MADIUN-Sejumlah mahasiswa universitas PGRI Madiun jurusan Tehnik Informatika menawarkan sejumlah software kepada Pemkot Madiun, sebagai salah satu wujud pengabdian pengisi mereka.

Kasie Layanan Aplikasi dan Tata Kelola Pemerintahan Elektronik, Noor Aflah mengatakan, kali ini pihaknya menerima kunjungan dari 18 orang mahasiswa Unipma yang terbagi menjadi sembilan kelompok. Mereka mengajukan sejumlah aplikasi perangkat lunak buatan sendiri.

“Jadi mereka saat ini masih mempresentasikan software buatan sendiri. Software tersebut berisikan sejumlah aplikasi yang bisa digunakan untuk dinas,” ujarnya saat menenerima kunjungan para mahasiswa tersebut.

Baca juga:   Siswa TK Belajar Mengenal Pemadam Kebakaran

Diantara software yang diajukan oleh mahasiswa tersebut adalah software tentang pengisian lowongan kerja yang mencakup pengurusan kartu kuning.
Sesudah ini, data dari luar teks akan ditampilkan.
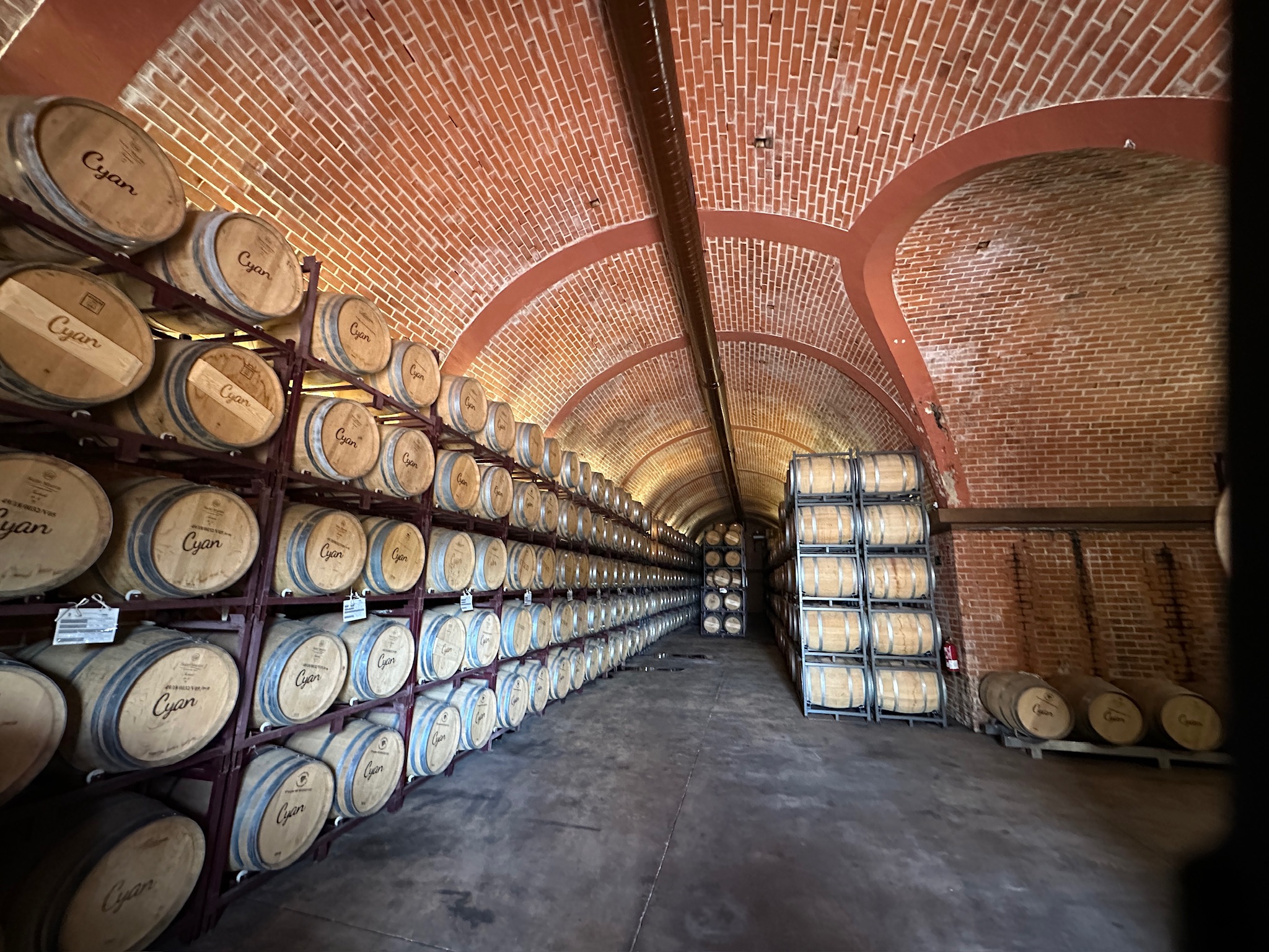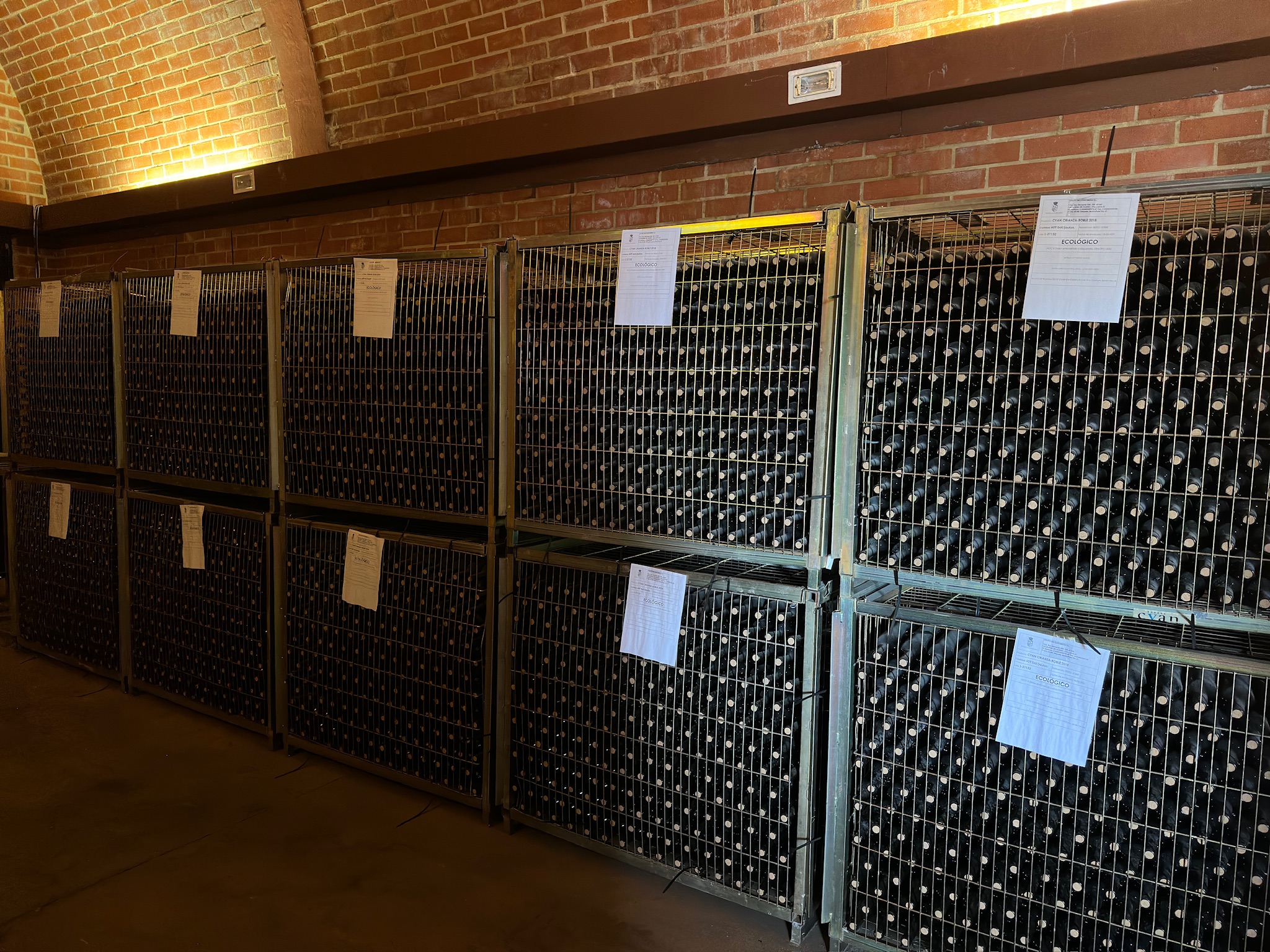La bodega Cyan, fundada en 1999, cuenta con tres naves dedicadas a la elaboración, embotellado, almacenamiento, y una sala de barricas y botellero con 700 barricas de roble americano y francés.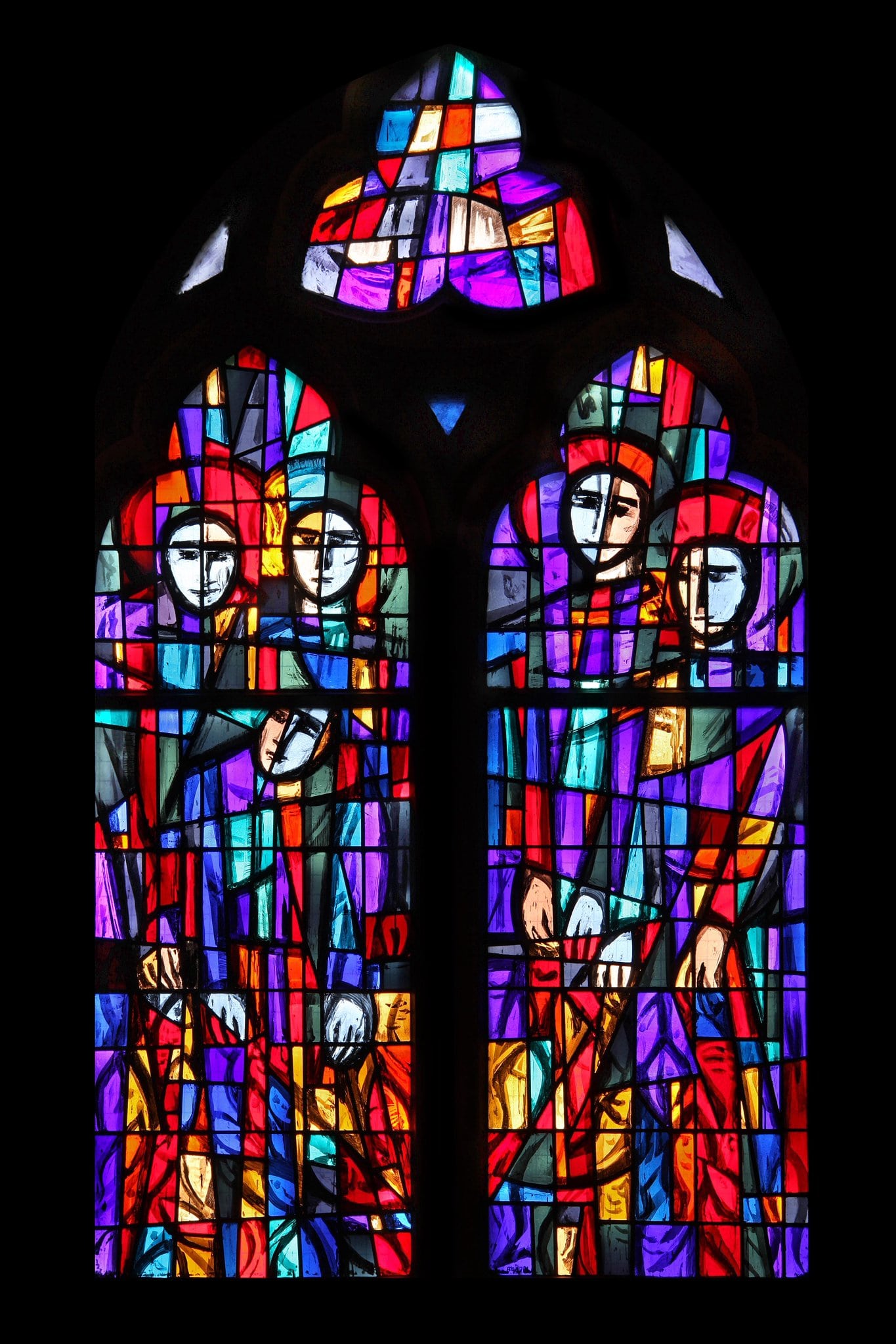 Simon aidé d’un autre apôtre sort son filet rempli de poissons sous les yeux de Jésus, Jacques et Jean.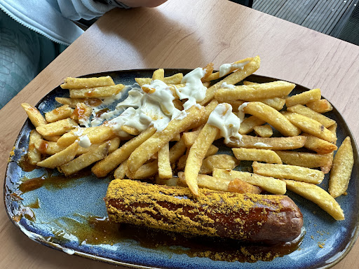 Optik Top, Geschmack Flop. Da ich der Meinung bin man sollte jedem Restaurant eine 2te Chance geben, war ich mal wieder mit 3 Personen hier, obwohl ich letztes Jahr schon vom Geschmack enttäuscht war. Diesmal war es jedoch anders, es war noch schlimmer als letztes Jahr. Optisch freut man sich auf das „leckere“ Essen, jedoch geschmacklich ist es eine Katastrophe, die Currywurst schmeckt irgendwie bitter, und nicht süßlich wie man es von Currysoße gewöhnt ist, und man muss auch sparsam mit der Soße umgehen, viel ist nicht dabei. Die Bratkartoffeln schmecken langweilig, und sind sehr fettig so das sie selbst nach 10 Minuten noch kochend heiß sind, während die Wurst schon in den Bereich warm kommt. Die größte Enttäuschung waren die Pommes, die waren wie zum dritten Mal frittiert, ziemlich dunkel, und man musste schon mit Schwung die Gabel reinstechen da man sonst keine Chance hatte diese sehr harten Pommes auf die Gabel zu bekommen. Zudem schmecken sie dann auch noch wie 3x gesalzen. Das System hat sich zu früher verschlechtert, früher gab es Lautsprecherdurchsagen mit der Rechnungsnummer, und man konnte das Essen an der Seitentheke im Restaurant abholen. Jetzt bekommt man so ein Meldeding, was nur blinkt und vibriert, jedoch stumm bleibt. Bei einem Platz in der Sonne muss man also auf die Vibration achten, da das Leuchten nicht zu sehen ist. Sitzt man im Restaurant, muss man dann zu abholen durch die „Schlange“ vor dem Bestelltresen, und wieder durch die „Schlange“ zurück. Das System war früher besser durchdacht. Geschockt war ich auch von dem Preis der Fischfrikadelle, wie auch schon ein einer anderen Rezension zu lesen, 5,50€, auf Nachfrage handelt es sich jedoch nicht um die selbstgemachte Riesen Frikadelle die es früher dort gab, sondern es ist eine ganz nochmal „gekaufte“. Sowas bekommt man überall auf der Insel im Brötchen ab 3,-€ Das Personal ist sehr sachlich und wirkt etwas genervt das man etwas bestellen will. Schade, es war mal ein gutes...

Software pengurusan ijin keramaian dan maskih ada sejumlah software lainnya.

“Saya memilih membuat software pencarian kartu kuning, karena saat ini banyak orang yang harus berulang kali ke dinas (Disnaker) hanya untuk mencari kartu kuning. Nah dengan adanya software ini bisa mengurangi bolak baliknya mereka,” kata salah satu mahasiswa, Malik Ibrahim.